Wole Soyinka is an established African writer of Nigerian origin. He has produced his works in multitude of genres such as drama, novel and poetry. He was the first person to have been awarded the highest of an accolade, the 1986 Nobel Prize, for his contribution to literature.

Born on 13 July 1934 in Abeokuta, he was raised in a Yoruba family and given the name Akinwande Oluwole Soyinka at his birth. His father was an Anglican minister and a school headmaster, while his mother was a political activist and a shop owner. He grew up in a region that followed Yorùbá religious tradition and attended church services like his fellow community members. However, he relinquished his faith and embraced atheism in his later life.

Soyinka received his early education from St. Peters Primary School and Abeokuta Grammar School, where he earned huge praise and prizes for his literary work. Afterwards, he attended the elite Government College in Ibadan. Subsequently, he went on to study at University College affiliated with the University of London, in 1952. Here he studied Western History, English Literature and Greek. He briefly worked for Nigerian Broadcasting Service for a radio play. Then he moved to England and got himself enrolled at the University of Leeds. He studied English literature there and was mentored by Wilson Knight.
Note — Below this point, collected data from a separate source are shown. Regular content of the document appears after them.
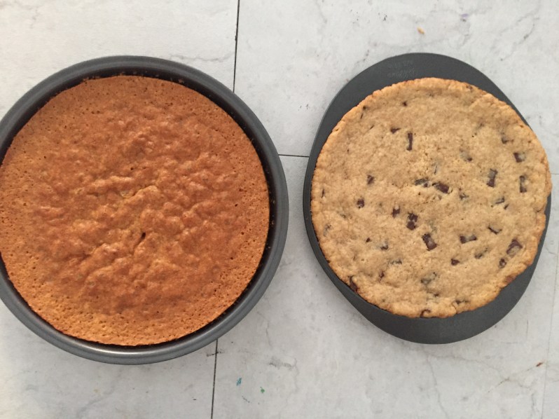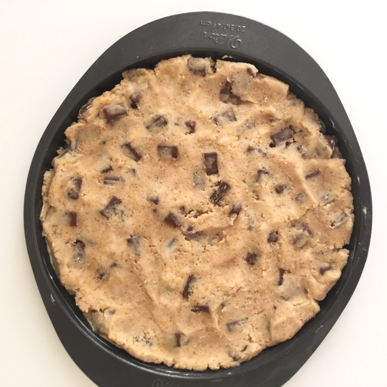 Comme je voulais faire un peu original j’ai fait un cookie géant! J’ai utiliser un plat à bord bas pour qu’il soit bien rond et je l’ai laissé environ 12 min au four 🙂
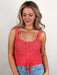 A sleeveless crochet knit top with a soft, open texture and decorative tie detail at the front. Cropped just right, this crochet top styles perfectly with high-waisted separates for a flattering, pulled-together look.
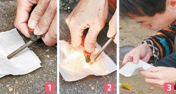 재료 파이어 스타터, 철 조각, 휴지 혹은 마른 낙엽
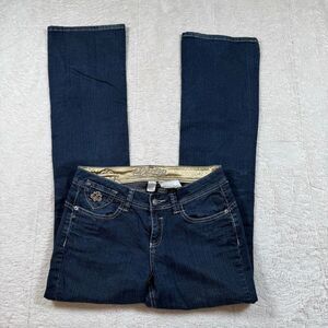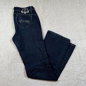 Vintage Y2K Dereon Women’s Navy Flare Jeans in gently used condition. Size women’s 7/8. Waist 14 3/4”, rise 7 1/2”, inseam 31 3/4”, leg opening 8 3/4”. 💎 2000s Urban Diva / House of Deréon Glam ✨
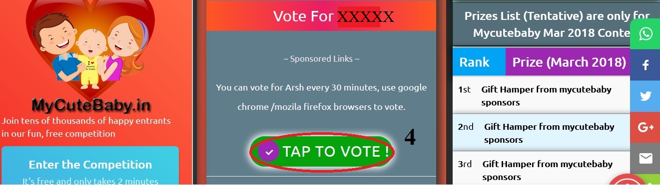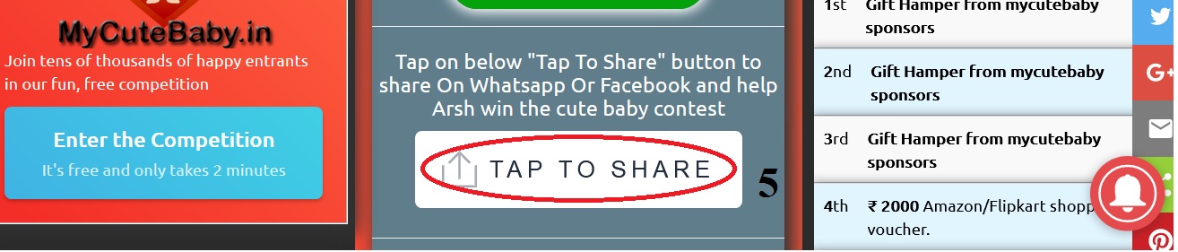 Step-5 : After that, “Tap To Share” button to share On Whatsapp (or) Facebook and help your baby (or) your favorite baby to win the cute baby contest.
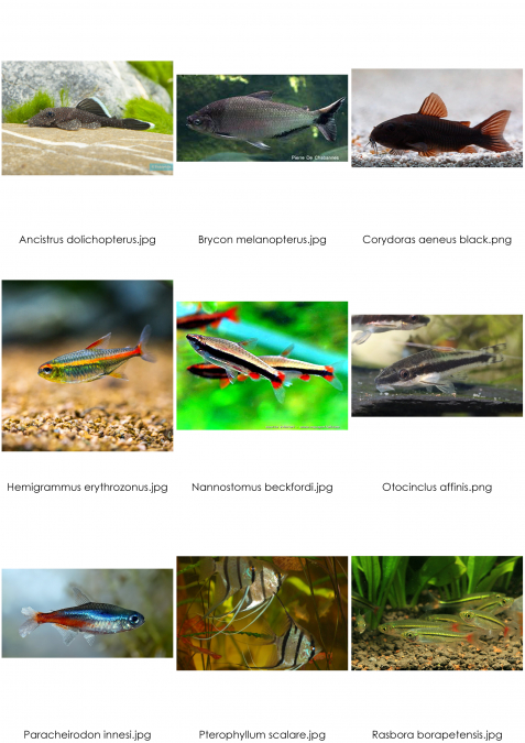 bonjour, je cherche les poissons suivants: "Ancistrus dolichopterus (Ancistrus)" "Brycon melanopterus (Tête de jaguar)" "Corydoras aeneus black (Corydoras argenté)" "Hemigrammus erythrozonus (Tetra à queue rouge)" "Nannostomus beckfordi (Tetra à nez rouge)" "Otocinclus affinis (Otocinclus)" "Paracheirodon innesi (Tetra néon bleu)" "Pterophyllum scalare (Scalaire)" "Rasbora borapetensis (Rasbora arlequin)" N'hésitez pas à me contacter si vous en disposez. MERCI!

Pursuing post-graduation, Wole Soyinka stayed in Leeds in order to experiment with drama writing. During this period he made his debut as a dramatist with his major work Swamp Dwellers (1958). Members of London’s Royal Court Theatre appreciated his light comedy play, The Lion and the Jewel , which encouraged him to relocate to London. These plays discuss the tension and correlation of Nigerian tradition with progress. After providing his services as a play reader, eventually he landed a chance to produce The Invention at Royal Court Theatre in 1957. Moreover, he published a few poems in a Nigerian magazine Black Orpehus , including “My Next Door Neighbour” and “The Immigrant”.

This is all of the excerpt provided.